Community-Based Research and Higher Education
Principles and Practices

By Kerry Strand, Sam Marullo, Nick Cutforth,
Randy Stoecker, and Patrick Donohue
San Francisco: Jossey-Bass 2003.

The book has two aims. The first is to promote what the authors call "community-based research," which shifts control of social-science research from the investigator to the investigated-or at least pushes it in that direction, so that power is shared between them. The second promotes the use of students in community-based research (CBR), not only because it gives them experience with research methods and techniques, but also because it teaches them that research is good for something other than itself, that research can be used for "community betterment and social change."

These notions--that researchers should give up control of their science and that research should be used as a catalyst for change--are likely to alarm a few social scientists.

"A defining feature of CBR," the authors write, "is that the research focus, if not the question itself, always derives from the needs of the community rather than the theoretical interests of the discipline, as is the case with traditional academic research." A little later they add that "(f)or those used to objectivity and scientific distance, CBR insists on connectedness and relationship building."

The underlying idea is that the production of knowledge about communities ought to be a shared enterprise. People are not rats in a maze. They are agents who ought to be involved in affairs that concern them. Kant is not mentioned, but the logic is Kantian: people are to be regarded, even by researchers, as ends in themselves, not means. Of course, doing so raises the specter of bias: how will we ever know the observer's effect if the observed are not only aware of the gaze but directing its focus?

But science, we must remember, is only ever the art of the possible; and when the art involves human beings, there are huge ethical constraints. The study of people involves inevitable antinomies. On the one hand, what sort of shape would the world be in if none of us bothered to find out about each other? On the other hand, what business is it of ours to pry into their lives? There is something at least voyeuristic, perhaps also exploitative, and certainly extractive about building academic careers off the local knowledge of particular, often disempowered communities.

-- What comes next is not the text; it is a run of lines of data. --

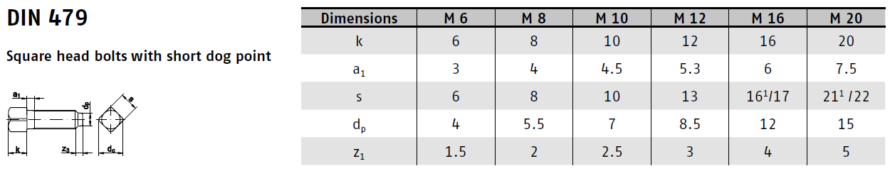 DotazUpínací šroub DIN 479 se čtyřhannou hlavou a osazeným koncem
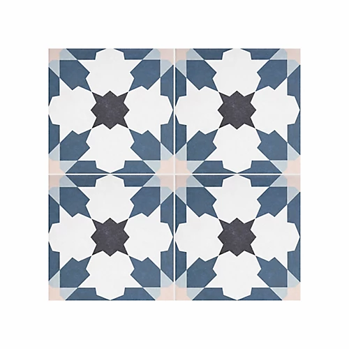 - Bouquet is a geometric floral patterned tile in indigo blue, white and grey tones. This 45 x 45cm tile is made from porcelain, providing the durability and resistance to be used indoors or out, on the wall or floors. The encaustic effect, provides a matt finish. Each tile features pre-scored lines which creates the effect of four smaller tiles once grouted, but makes installation easier.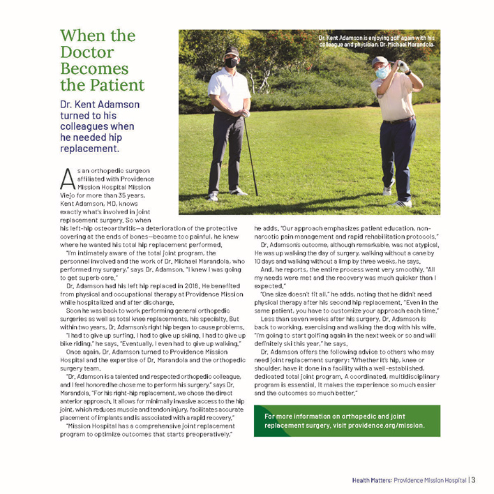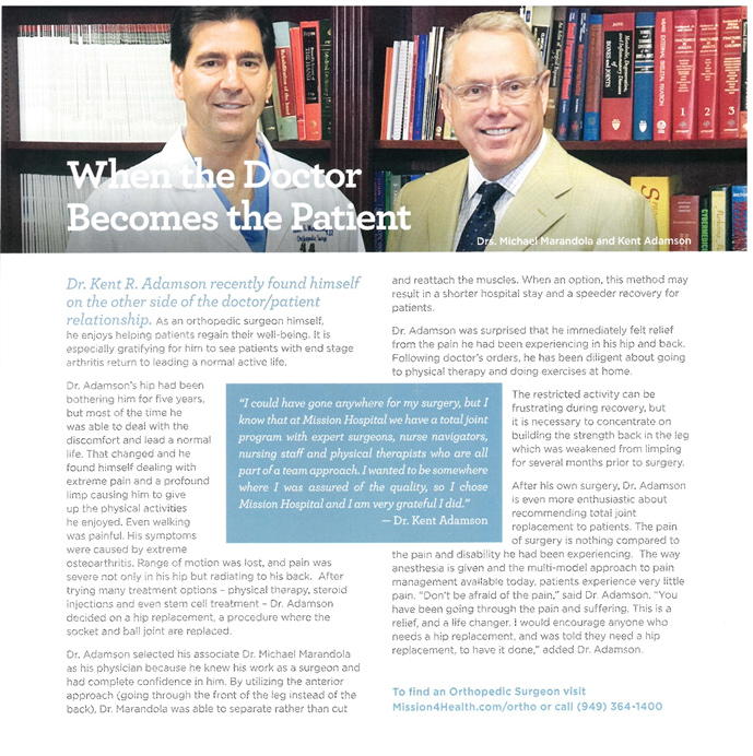 Dr. Marandola has served the South Orange County community by volunteering his time as team physician/orthopedist for Saddleback Valley Christian Schools, San Juan Hills High School, Aliso Niguel High School and Mission Viejo High School.
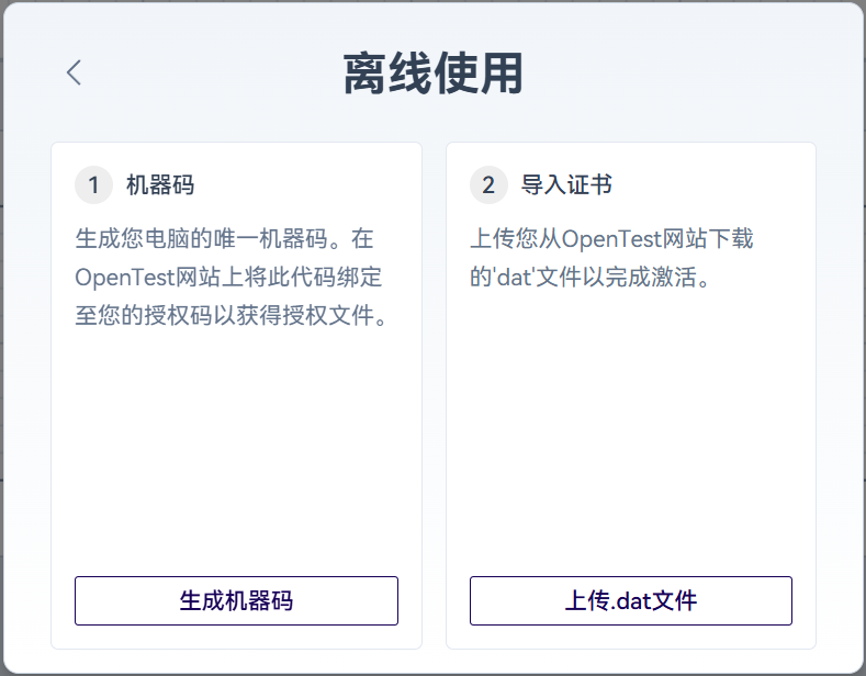 在登录弹窗中,点击「离线使用」按钮,点击「生成机器码」,复制此机器码。在OpenTest网站个人中心的「我的授权码」中,绑定到要使用的套餐中,所需要的套餐都绑定成功后,下载授权文件,系统会自动合并机器码与所有已绑定的套餐成一个文件。将该文件导入到客户端中,验证通过后即可离线使用OpenTest。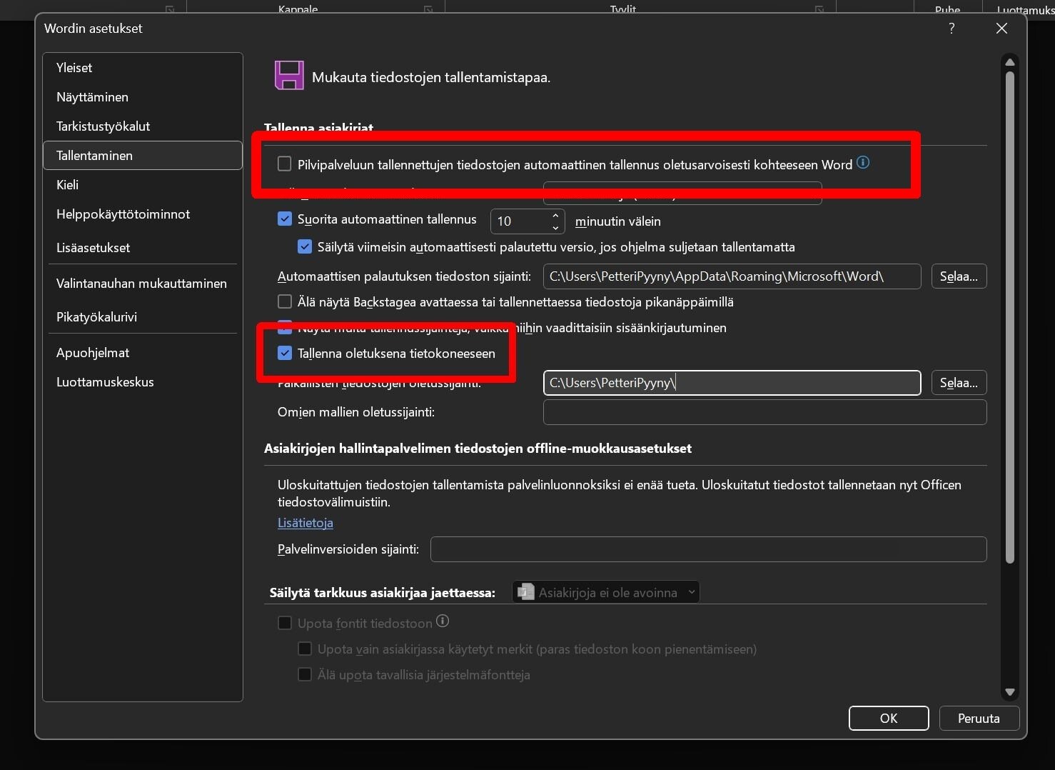 Word alkoi tallettamaan kaikki tiedostot pilveen - näin muutat asetukset takaisin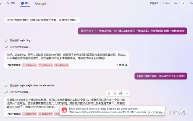 作为搜索引擎,不能忘本,搜索是少不了的,比如在之前介绍的直接对话sqlbi博客,即能搜索到想要的文章链接,又能对文章进行总结,这点比ChatGPT动不动就自己编链接好太多了。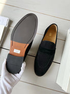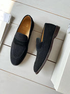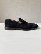 brunello woven black suede penny loafer
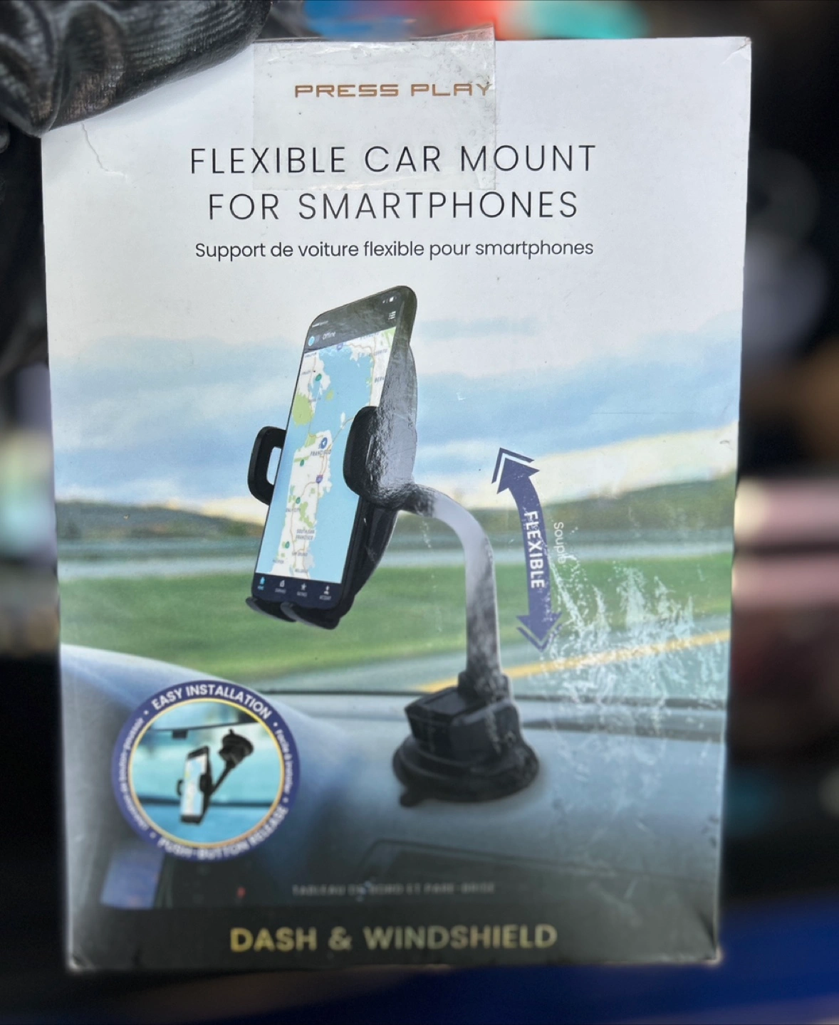 245Selling a Press Play flexible car mount for smartphones. It's designed for easy installation on your dash or windshield. It supports smartphones and offers a flexible viewing angle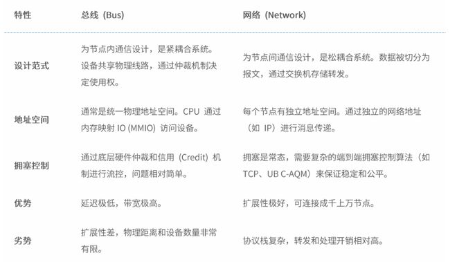 要理解 UB 的设计哲学,就需要理解总线和网络的根本区别。当然,我们不应陷入抠概念的辩经,现代的总线(如 PCIe)也借鉴了网络的交换思想,但从设计目标和应用规模上看,它们的范式差异是显著的。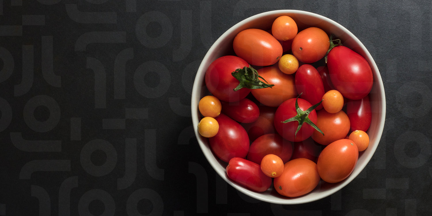 Bowl containing tomatoes placed on a black background. Sea berries along with tomatoes in a bowl.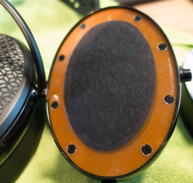 It's been a long week so not a lot of time to sit down and listen to the CRBN but when I've done so, they always deliver. No issues at all like the first set had and they are very comfy for a couple of hours or so. I'll try to sit down for a few hours straight but they are so light and the earpads so supple that I don't foresee any issues. It did take me a while to get used to the more diffused sound stage as I thought they were off balance a few times. Just the different presentation playing with my head... I'll take some more time until my final impressions but how about some teardown pics instead. Now do remember that this set was headed my way and Audeze knew I would tear it apart... so they were nice enough to not fully adhere the earpads. That's why they have the paper backing on them. First shot showing the gorgeous carbon shells. Earpads off showing the baffle and the nylon screws which secure the baffle to the back. The 3M adhesive they are using for the earpads is very strong so these are no easy headphones to get into. The earpads are very thick and some of the nicest I've ever seen so I don't foresee having to replace them anytime soon. Another shot showing the (phenolic?) baffle. Now remove the screws and the set comes apart, the baffle screws through the earcups and into the back piece. There is quite a bit of foam behind the drivers but it is very open. Audeze were shooting for a fairly high damping design so this makes sense. Here is the frame with the foam in place. That small dot falls off easily which is good, that means no adhesive in place to make a reflective surface inside the foam. The back cover is a very nice piece and I like the use of fine mesh to keep most things out of the cups Now remove the foam from the picture above and we have the back of the driver. They have gone for connections through the structure to the different elements unlike say Stax who take it all to one point. Nothing wrong with either way of doing things. Here you can also see the construction of the cable which is woven and it feel like it's two triple strands from the Stax plug, up through the cable split and into each cup. I do wonder how much capacitance braiding the cables like this does add to the system (a flat cable always be superior in that regard) but its similar to what Sennheiser do on the HE-1 and Mr. Speakers on the Voce. Far cry better than the crap Hifiman call a cable... on a 18k$ set of headphones though. Another shot the driver free of the earcup. Same thick woven material used for the dust covers front and back. Side profile showing just how thin the driver sandwich is and also its MRI safe roots are evident. Not a whole lot of metal in that, similar to what Sennheiser did with the HE series back in the day. The HE60 was just two pieces of extruded plastic, painted gold and then the mylar stretched onto the frame. Kinda funny to see this approach compared to what Stax are doing with the SR-X, ever more complicated stator designs whose benefits are not quite clear. Last but not least, the very nice plug on these. That is aluminum and then molded plastic... very nice indeed.25 points

My discipline, cultural anthropology, is an exemplar of just this sort of extraction: what anthropologists have nearly always done is study the ordinary lives of folks all over the world-but usually elsewhere, and often among the meek, the poor, the peripheral, the colonized, the oppressed. And for several decades we have also wrung our hands over the moral implications of doing what we do: representing those lives in articles, monographs, films, and photos-all representations that benefit us, but seldom obviously the people we study.

So this book, which offers a moral-and scholarly-alternative, caught my interest. The guidewords are "research with" rather than "research on." A touchstone is Paolo Freire's classic, Pedagogy of the Oppressed. If learning ought to liberate, then so should research. The authors are social scientists in departments of sociology, political science, and education. They are also clearly community members and teachers, concerned not only with the production of knowledge but also the good of community and pedagogy of students.

"What," they ask early on, "is the purpose of higher educationif not to reach out so as to provide something useful to society, starting with the communities that surround them?" (2). Later they point out what we have long known: "that students learn better when their learning is not bound by classrooms and textbooks and when they are called on to do more than memorize information so as to reproduce it on an exam."

The book discusses how researchers can build trusting, collaborative relationships with the communities they study, ways to put communities themselves in charge of aspects of the research, and techniques for making sure research addresses community needs as much as it satisfies researchers' interests. There are many useful ideas, such as pairing student fact-finders with resident community organizers. It's a lovely exchange. Students gain legitimacy and experience. The community gets research labor.

I am not without quibbles. The book offers no real argument for why CBR is better than traditional social research. There is a chapter on its benefits-but it is a list of obvious advantages for communities studied rather than a defense of the moral and epistemological advantages for scholarship itself. The book sings for the choir. It offers insights and encouragement and models for how to go about doing community research that empowers its subjects. But given that the audience is presumed to be friendly to the idea, the book is surprisingly thin on case material. It is sprinkled with examples, but these come in the form of cut-away sidebars, textbook anecdotes, and graphs that are sometimes laughably general. They tell all-too-briefly what could, and probably should, have filled several chapters. A well-described case study, from start to finish, with details about scholar-community relations, student involvement, problems and pitfalls, and write-up, would have been especially useful.

This is a much-needed handbook for faculty and students and community activists looking for ways to form partnerships. I encourage you to read it. I have already shared it with colleagues.